Sparkling embellishments -- Glitter fell like a coat of freshly fallen snow on pieces accentuated with beading, sequins, crystals and other eye-catching embellishments. Some creations were head-to-toe sparkle, while others used glitz as a way to add a pop of visual interest and glamour.
Asian influence -- The East's influence was overwhelming at Fashion Week. One runway show recognized up-and-coming Asian student designers, and the Leather Japan presentation celebrated eight of the country's leather shoe, apparel and accessory brands and designers, complete with a performance from an Asian punk band.
Others attributed their inspiration to Eastern culture, weaving elements of it into clothes in the form of floral detailing, striking color palettes (black and white with hints of red, for example) and column and kimono-style silhouettes.
A dose of color -- Chase away winter blues with bold hues. Neon pink, orange, lime, berry and cherry red were among the more popular, either as accents to more subdued colors or as an all-over look.
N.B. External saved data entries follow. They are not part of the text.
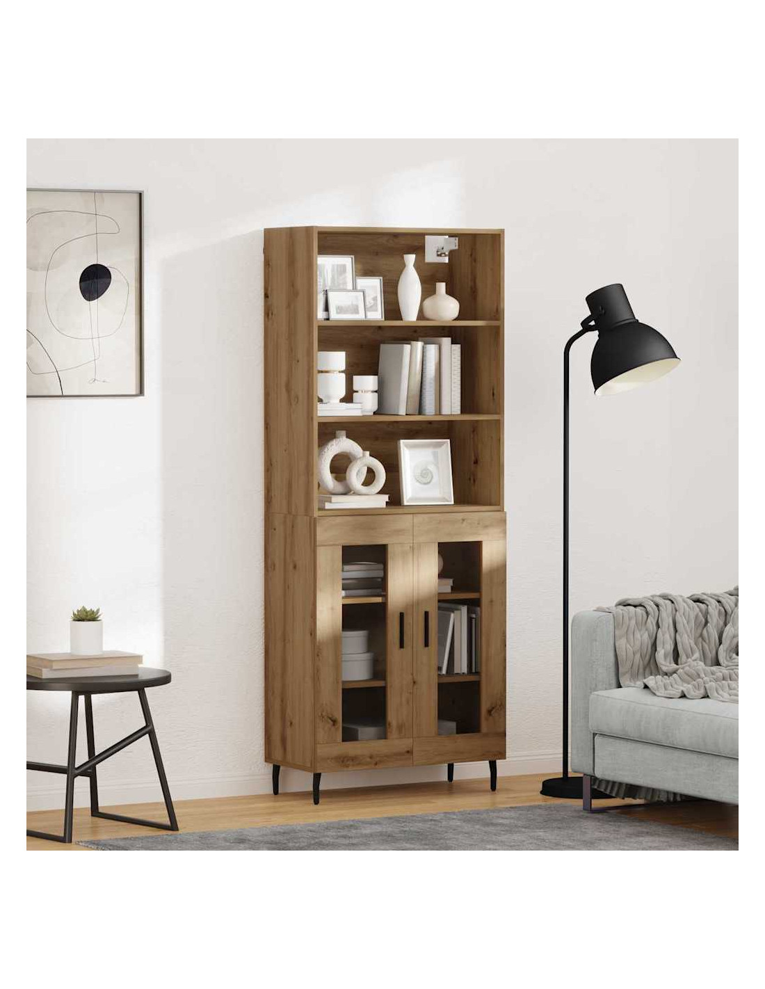 - Materiali: L'highboard è fatto di legno ingegnerizzato, noto per la sua robustezza. Usiamo anche il vetro, che aggiunge eleganza e luminosità. Questo mix offre resistenza e stile, rendendolo un punto centrale funzionale in ogni stanza.
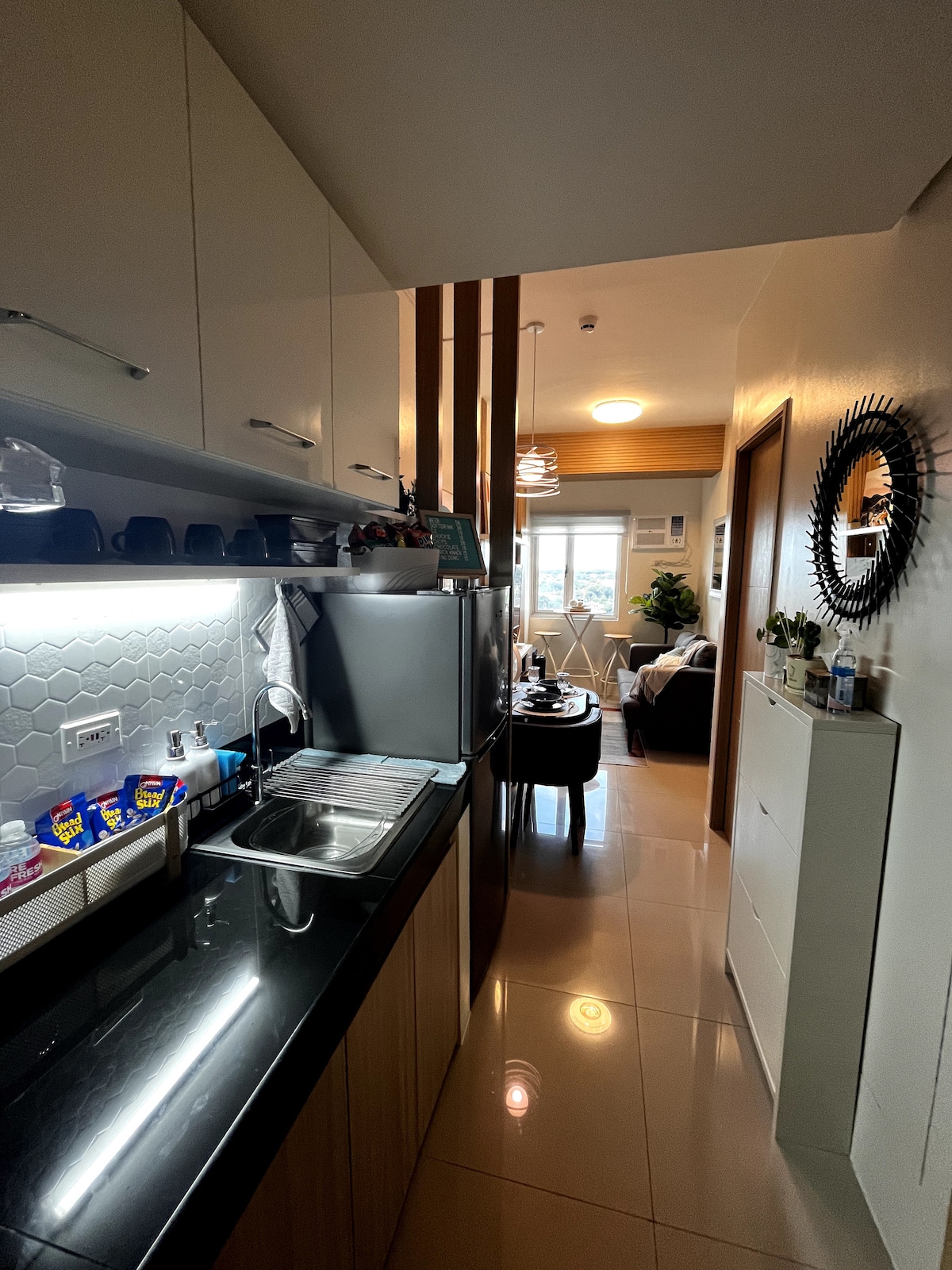 Cozy 100-sqm (2-storey) minimalist home in Apalit, Pampanga — perfect for 4–6 guests. Features Wi-Fi, aircon, smart TV, living room, ref, iron, ironing board, kitchen with microwave, kettle, stove (free 1 butane), ricecooker, free coffee & water, washing machine & dryer. 2 exterior CCTV. 📍Walking distance - Main Gate - MCGI - School - Robinsons Easymart - Premier Hospital - Cafés & local eateries ✅Grabfood ✅Airport Transfer 🔐Check-in: 2PM / Check-out: 11AM. ❌No pets allowed inside.
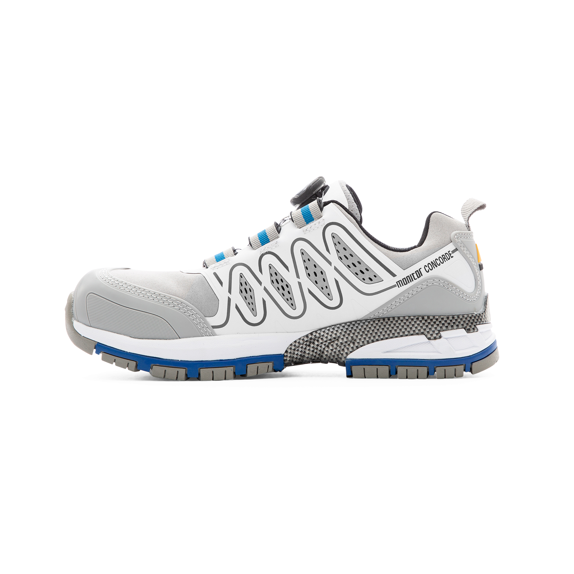 Discover the Monitor Concorde Safety Shoe, an innovative and sporty safety shoe that combines high safety with exceptional comfort and style for construction and industrial professionals. This safety shoe is designed to offer maximum protection and comfort throughout the working day. The upper is made from a combination of mesh and microfiber, providing excellent breathability and keeping your feet cool and comfortable. The highly breathable microfiber panels on the sides ensure optimal ventilation. The Monitor Concorde Safety Shoe is equipped with the innovative BOA® Fit System, which makes it easy to put on and take off the shoe and allows for quick and precise adjustment of the fit. The outsole is Monitor's new SIGMA sole, a further development of the classic Alpha sole, which provides excellent grip on most surfaces thanks to its patterned rubber. The midsole is made of cushioning EVA material and has a powerful torsion fork that further increases stability. The wide aluminum toe cap and Monitor's SS2.0 insole ensure maximum protection and support for your feet. This safety shoe is perfect for both men and women looking for a reliable and comfortable safety shoe with a sporty design at a competitive price. Choose the Monitor Concorde Safety Shoe to experience a combination of high safety, outstanding comfort and durability throughout your working day.
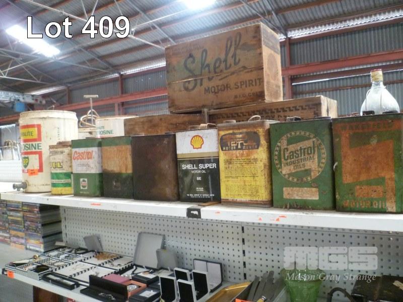 ASSORTED PETRONALIA TINS INCLUDING BP, CASTROL, SHELL, POPE, ETC
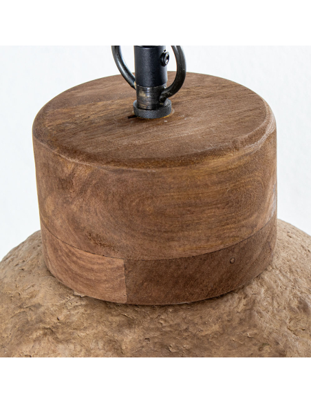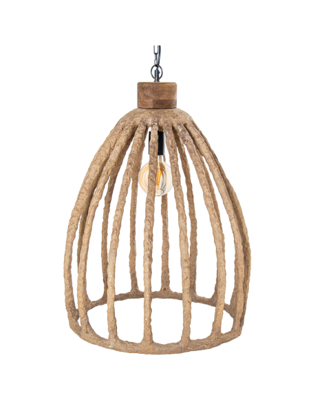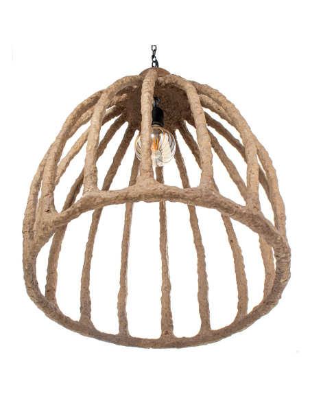 Lámpara de techo colgantes de papel rústico, hecha a mano con papel maché, diseñada para aportar carácter y personalidad a cualquier ambiente. La estructura abierta y curva, inspirada en jaulas naturales, permite que la luz se filtre de manera suave y cálida, creando un efecto acogedor y relajante. Ideal para espacios bohemios, minimalistas o modernos que buscan un toque orgánico y artesanal.
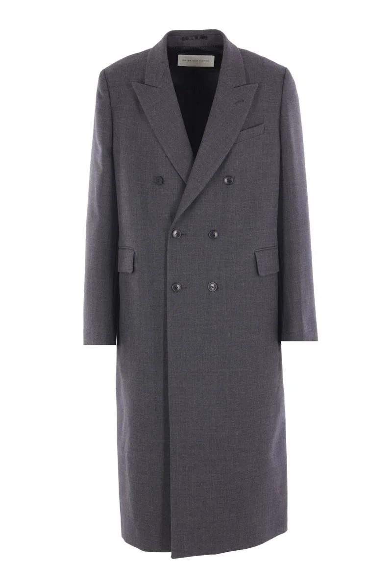 Dries Van Noten double-breasted coat crafted from dark gray wool. Featuring peak lapels, front button fastening, structured shoulders, multiple pockets, long sleeves with buttoned cuffs, and a central vent. Fully lined interior. Gender: Men Material: 100%WOOL Color: GREY Made in: Imported Product ID: 0202412058803 *Import tax/duty will be calculated at checkout (If applicable)

Fall floral prints also brightened ensembles. At the opposite end of the spectrum were iterations of olive, plum and oxblood.
Cozy chic -- Sweatshirts were a staple of some collections, sometimes paired with a blazer or layered over a dress for an outfit that marries comfort with style.
Slender silhouettes -- Menswear, especially suits, ran slim, reminiscent of styles from the 1960s. Women's designs also were body-conscious, thanks to slender pants and figure-flattering dresses. Coats, however, tended to mirror this year's boxy fit and at times featured oversized lapels. Sweeping capes and wraps also were common.